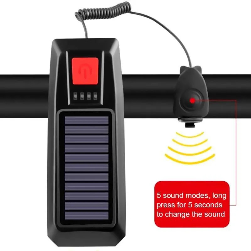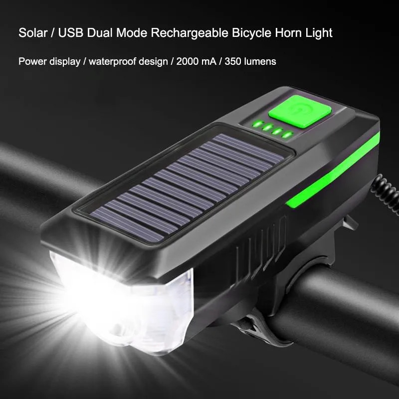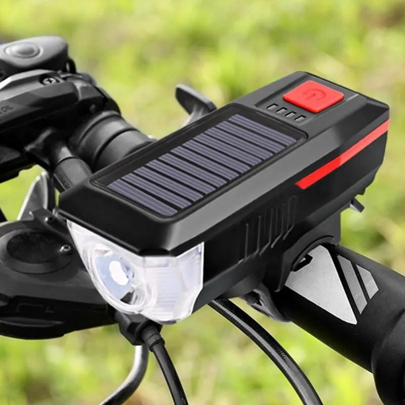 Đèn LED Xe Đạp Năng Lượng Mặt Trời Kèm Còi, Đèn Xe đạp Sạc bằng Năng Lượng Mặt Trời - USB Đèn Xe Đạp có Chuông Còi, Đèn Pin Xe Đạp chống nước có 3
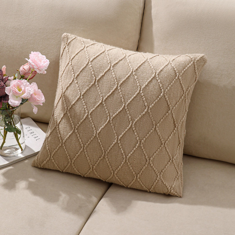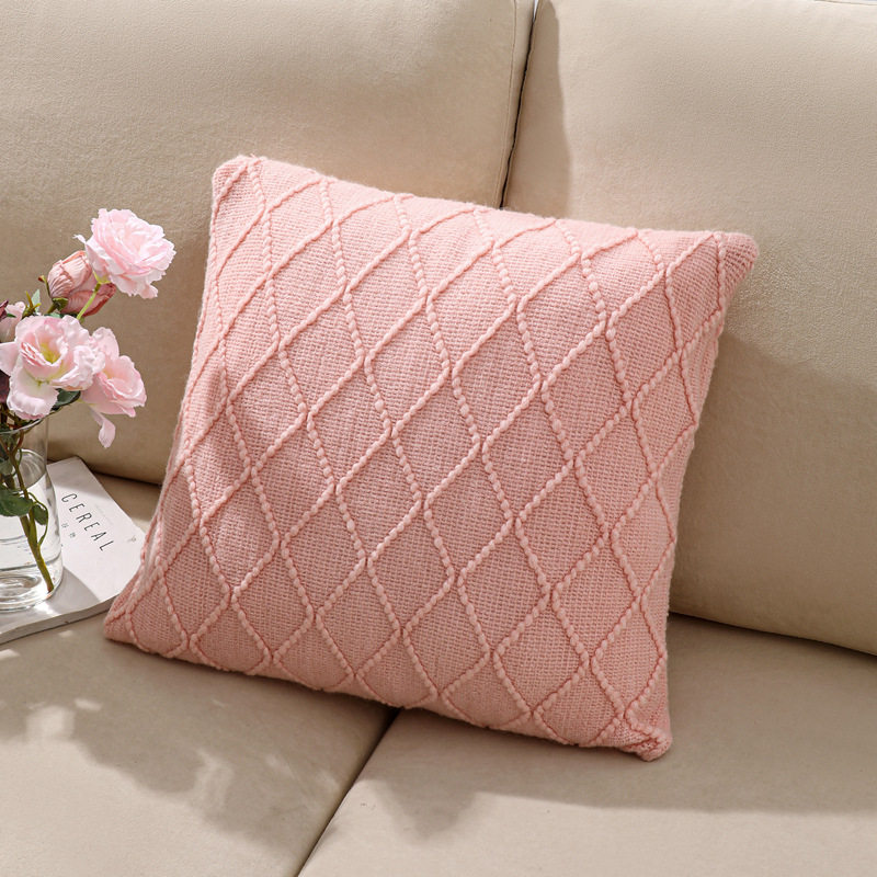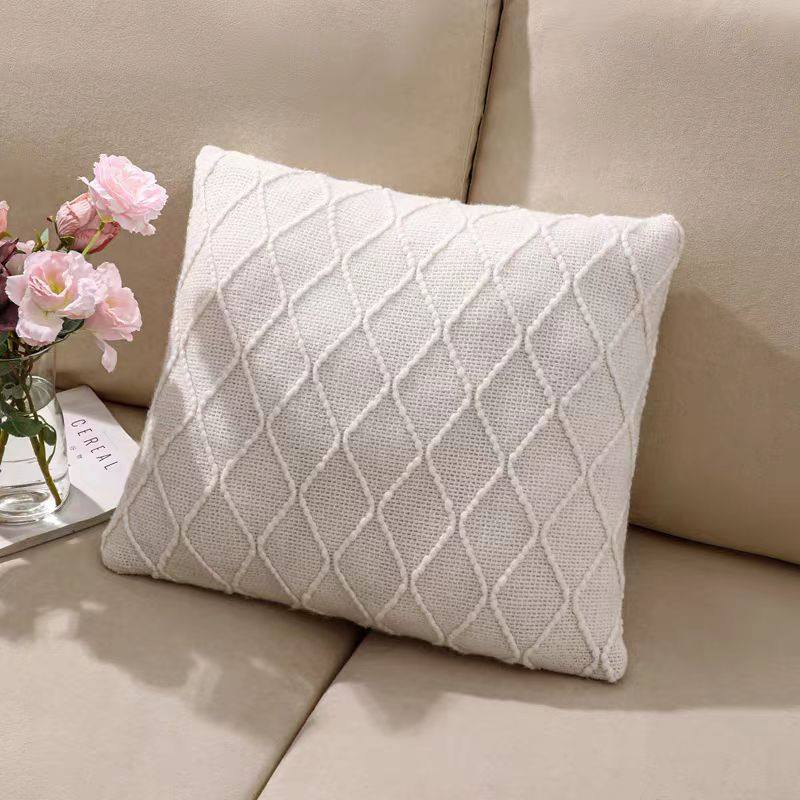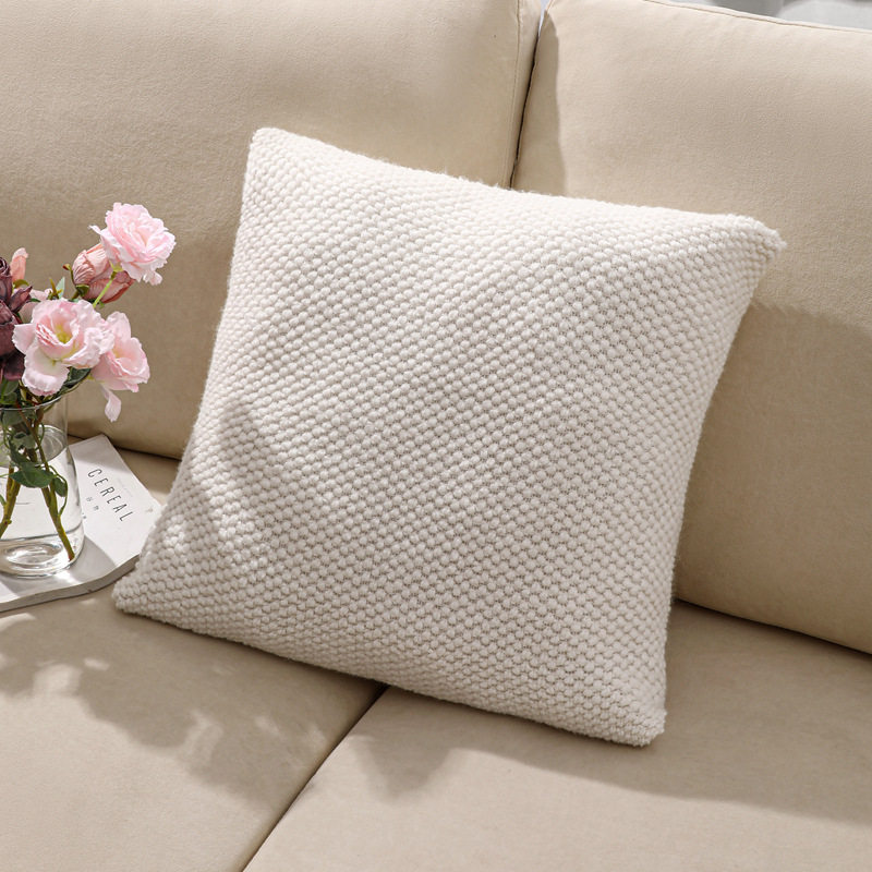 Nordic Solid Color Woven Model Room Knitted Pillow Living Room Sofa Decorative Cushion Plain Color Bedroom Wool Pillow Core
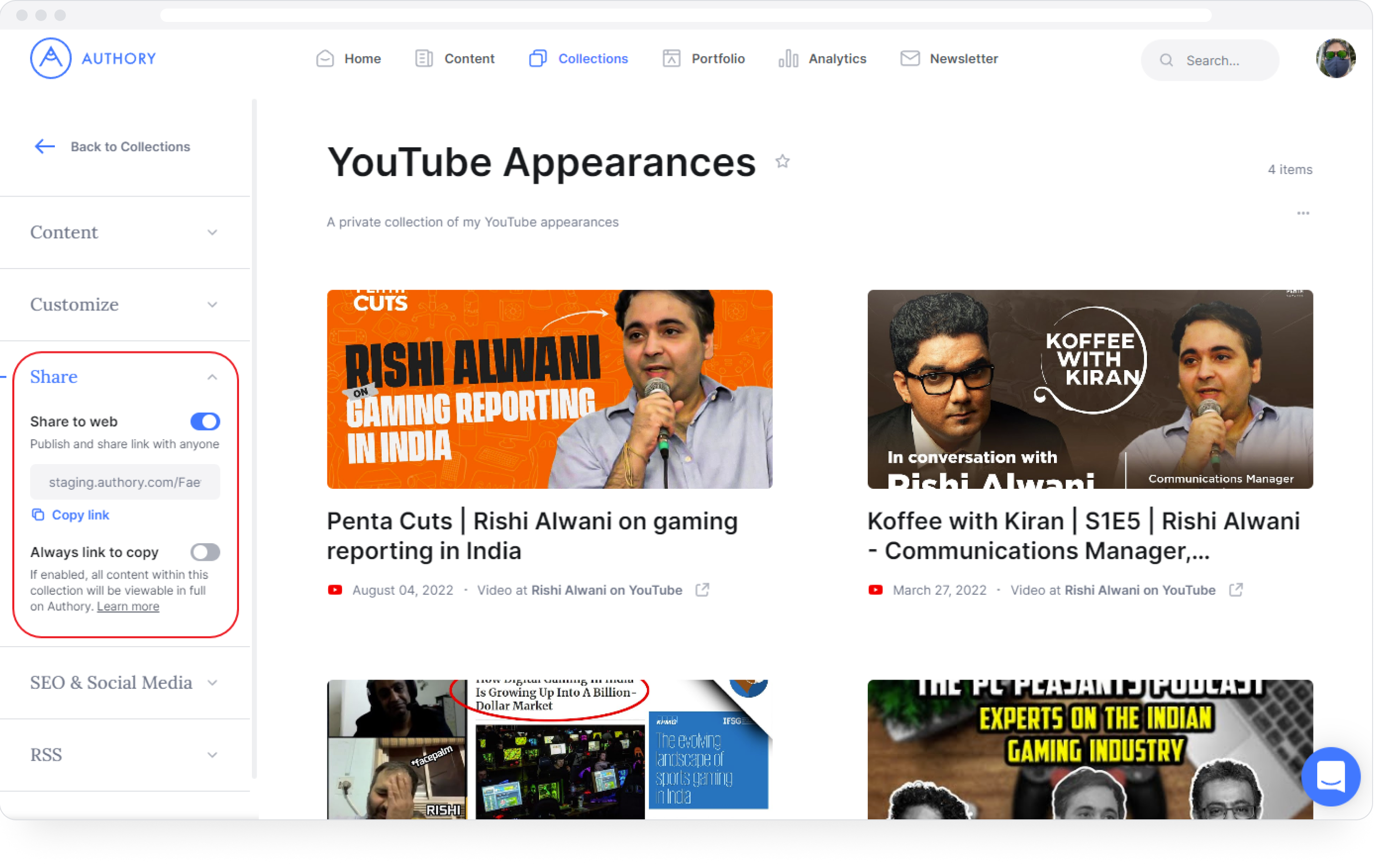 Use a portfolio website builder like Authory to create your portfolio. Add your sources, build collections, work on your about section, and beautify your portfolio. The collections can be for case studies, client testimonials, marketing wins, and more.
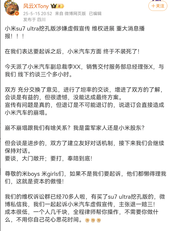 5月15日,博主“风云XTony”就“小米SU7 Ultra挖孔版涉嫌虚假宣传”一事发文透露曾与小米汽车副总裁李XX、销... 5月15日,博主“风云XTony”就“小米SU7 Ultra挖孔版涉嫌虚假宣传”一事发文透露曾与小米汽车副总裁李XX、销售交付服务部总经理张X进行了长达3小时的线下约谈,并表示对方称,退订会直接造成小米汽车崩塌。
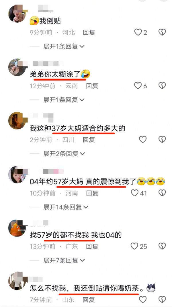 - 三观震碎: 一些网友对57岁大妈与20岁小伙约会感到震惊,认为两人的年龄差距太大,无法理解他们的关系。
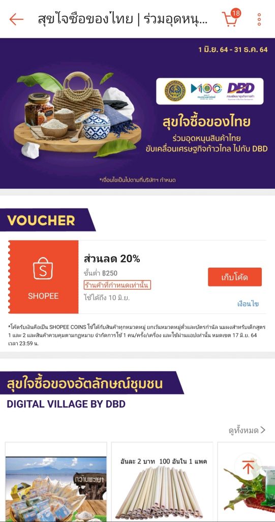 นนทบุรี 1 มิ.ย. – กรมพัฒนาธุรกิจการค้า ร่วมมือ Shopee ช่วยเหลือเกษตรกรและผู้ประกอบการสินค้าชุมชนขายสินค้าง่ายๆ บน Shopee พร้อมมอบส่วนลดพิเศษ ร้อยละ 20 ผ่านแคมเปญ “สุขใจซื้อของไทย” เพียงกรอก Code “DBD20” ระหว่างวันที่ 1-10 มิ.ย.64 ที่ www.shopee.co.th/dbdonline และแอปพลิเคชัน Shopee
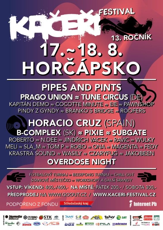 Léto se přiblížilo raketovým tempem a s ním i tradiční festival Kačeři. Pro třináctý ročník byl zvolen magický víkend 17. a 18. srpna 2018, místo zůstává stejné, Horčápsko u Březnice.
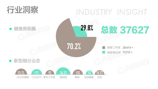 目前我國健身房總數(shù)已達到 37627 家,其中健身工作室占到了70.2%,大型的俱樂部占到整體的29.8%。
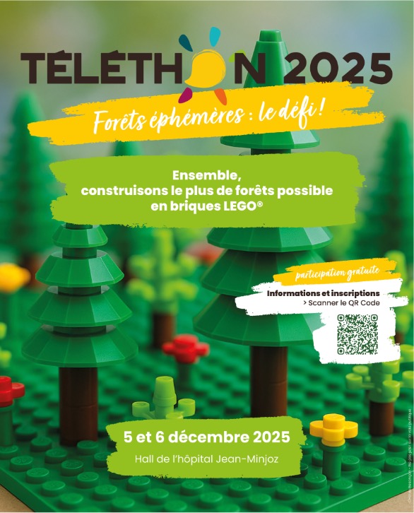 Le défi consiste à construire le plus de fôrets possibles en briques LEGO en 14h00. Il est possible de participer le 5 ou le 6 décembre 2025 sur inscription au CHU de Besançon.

-- -- --

ACTION ITEM
Transcribe the listing above verbatim. Omit the pictures.

ANSWER TO THE PROBLEM
 Đèn LED Xe Đạp Năng Lượng Mặt Trời Kèm Còi, Đèn Xe đạp Sạc bằng Năng Lượng Mặt Trời - USB Đèn Xe Đạp có Chuông Còi, Đèn Pin Xe Đạp chống nước có 3
 Nordic Solid Color Woven Model Room Knitted Pillow Living Room Sofa Decorative Cushion Plain Color Bedroom Wool Pillow Core
 Use a portfolio website builder like Authory to create your portfolio. Add your sources, build collections, work on your about section, and beautify your portfolio. The collections can be for case studies, client testimonials, marketing wins, and more.
 5月15日,博主“风云XTony”就“小米SU7 Ultra挖孔版涉嫌虚假宣传”一事发文透露曾与小米汽车副总裁李XX、销... 5月15日,博主“风云XTony”就“小米SU7 Ultra挖孔版涉嫌虚假宣传”一事发文透露曾与小米汽车副总裁李XX、销售交付服务部总经理张X进行了长达3小时的线下约谈,并表示对方称,退订会直接造成小米汽车崩塌。
 - 三观震碎: 一些网友对57岁大妈与20岁小伙约会感到震惊,认为两人的年龄差距太大,无法理解他们的关系。
 นนทบุรี 1 มิ.ย. – กรมพัฒนาธุรกิจการค้า ร่วมมือ Shopee ช่วยเหลือเกษตรกรและผู้ประกอบการสินค้าชุมชนขายสินค้าง่ายๆ บน Shopee พร้อมมอบส่วนลดพิเศษ ร้อยละ 20 ผ่านแคมเปญ “สุขใจซื้อของไทย” เพียงกรอก Code “DBD20” ระหว่างวันที่ 1-10 มิ.ย.64 ที่ www.shopee.co.th/dbdonline และแอปพลิเคชัน Shopee
 Léto se přiblížilo raketovým tempem a s ním i tradiční festival Kačeři. Pro třináctý ročník byl zvolen magický víkend 17. a 18. srpna 2018, místo zůstává stejné, Horčápsko u Březnice.
 目前我國健身房總數(shù)已達到 37627 家,其中健身工作室占到了70.2%,大型的俱樂部占到整體的29.8%。
 Le défi consiste à construire le plus de fôrets possibles en briques LEGO en 14h00. Il est possible de participer le 5 ou le 6 décembre 2025 sur inscription au CHU de Besançon.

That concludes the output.